- Presented on: 27 March 2021
- Site: Film City, Mumbai
- Hosted by: Rajkummar Rao; Riteish Deshmukh;
- Organized by: The Times Group
- Official website: Filmfare Awards 2021

Highlights
- Best Film: Thappad
- Critics Award for Best Film: Eeb Allay Ooo!
- Most awards: Thappad (7)
- Most nominations: Ludo (16)

Television coverage
- Network: Colors TV

= 66th Filmfare Awards =

2021 awards for Hindi cinema

The 66th Filmfare Awards ceremony, presented by The Times Group, honored the best Indian Hindi-language films of 2020.

Ludo led the ceremony with 16 nominations each, followed by Thappad with 15 nominations, and Gulabo Sitabo and Tanhaji with 13 nominations each.
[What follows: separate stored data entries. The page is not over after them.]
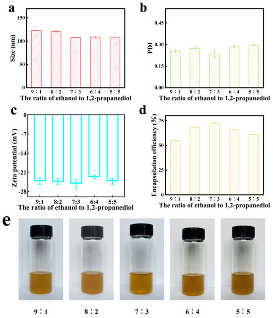 Effect of ethanol/1,2-propanediol ratio on the total flavonoid ethosome. (a) Effect of ethanol/1,2-propanediol ratio on size of total flavonoid ethosome. (b) Effect of ethanol/1,2-propanediol ratio on PDI of total flavonoid ethosome. (c) Effect of ethanol/1,2-propanediol ratio on zeta potential of total flavonoid ethosome. (d) Effect of ethanol/1,2-propanediol ratio on encapsulation efficiency of total flavonoid ethosome. (e) Appearance of total flavonoid ethosome with different ethanol/1,2-propanediol ratios.
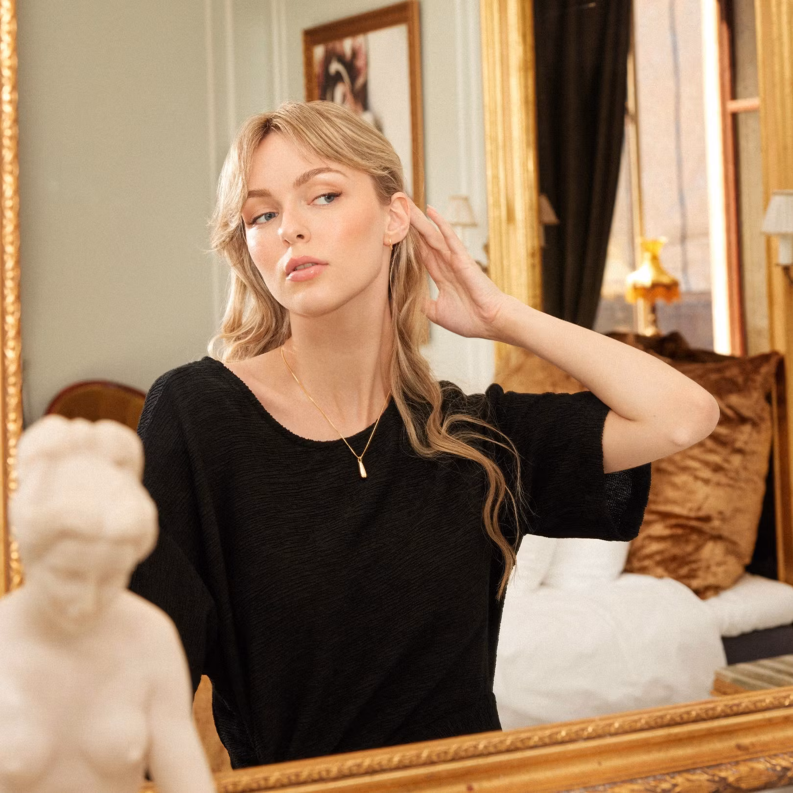 Fånga kvällens mystik med vårt tidlösa halsband Noir som adderar något unikt oavsett outfit eller tillfälle.
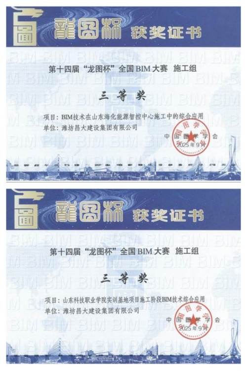 二則是,由中國(guó)圖學(xué)學(xué)會(huì)舉辦的第十四屆“龍圖杯”全國(guó)BIM大賽公布了獲獎(jiǎng)結(jié)果。集團(tuán)公司申報(bào)的《BIM技術(shù)在山東海化能源智控中心施工中的綜合應(yīng)用》、《山東科技職業(yè)學(xué)院實(shí)訓(xùn)基地項(xiàng)目施工階段BIM技術(shù)綜合應(yīng)用》均獲三等獎(jiǎng)。實(shí)現(xiàn)歷史新突破。
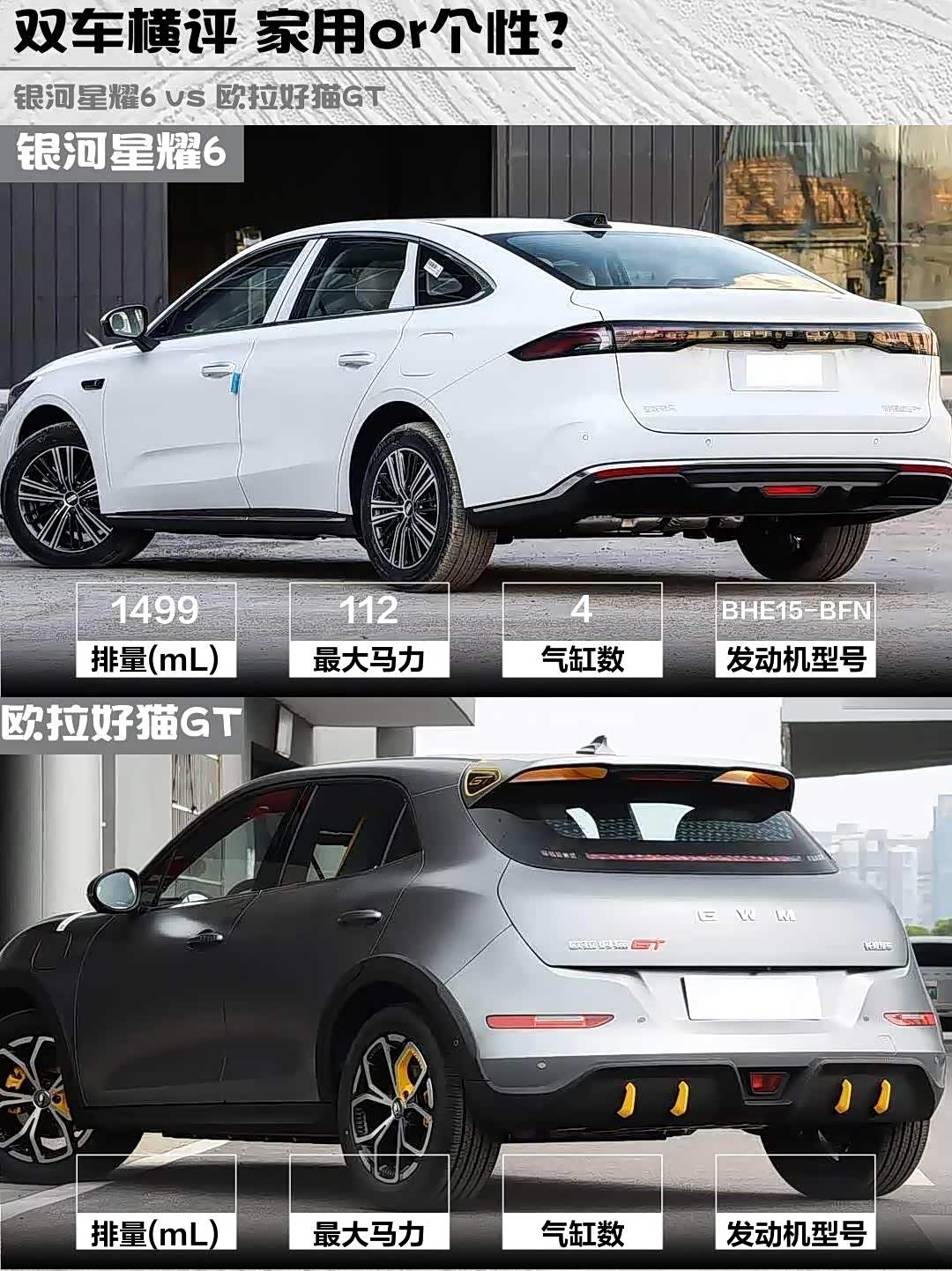 星耀6走商务运动风,直瀑格栅+溜背设计,像穿西装的运动员;好猫GT则是改装车既视感,黑化套件+尾翼,开上路回头率200%!个人觉得星耀6耐看,好猫GT更个性,你们pick哪款?🤔

Thappad won 7 awards, including Best Film and Best Actress (for Taapsee Pannu), thus becoming the most-awarded film at the ceremony.

Pankaj Tripathi received dual nominations for Best Supporting Actor for his performances in Gunjan Saxena: The Kargil Girl and Ludo, but lost to Saif Ali Khan who the award for Tanhaji.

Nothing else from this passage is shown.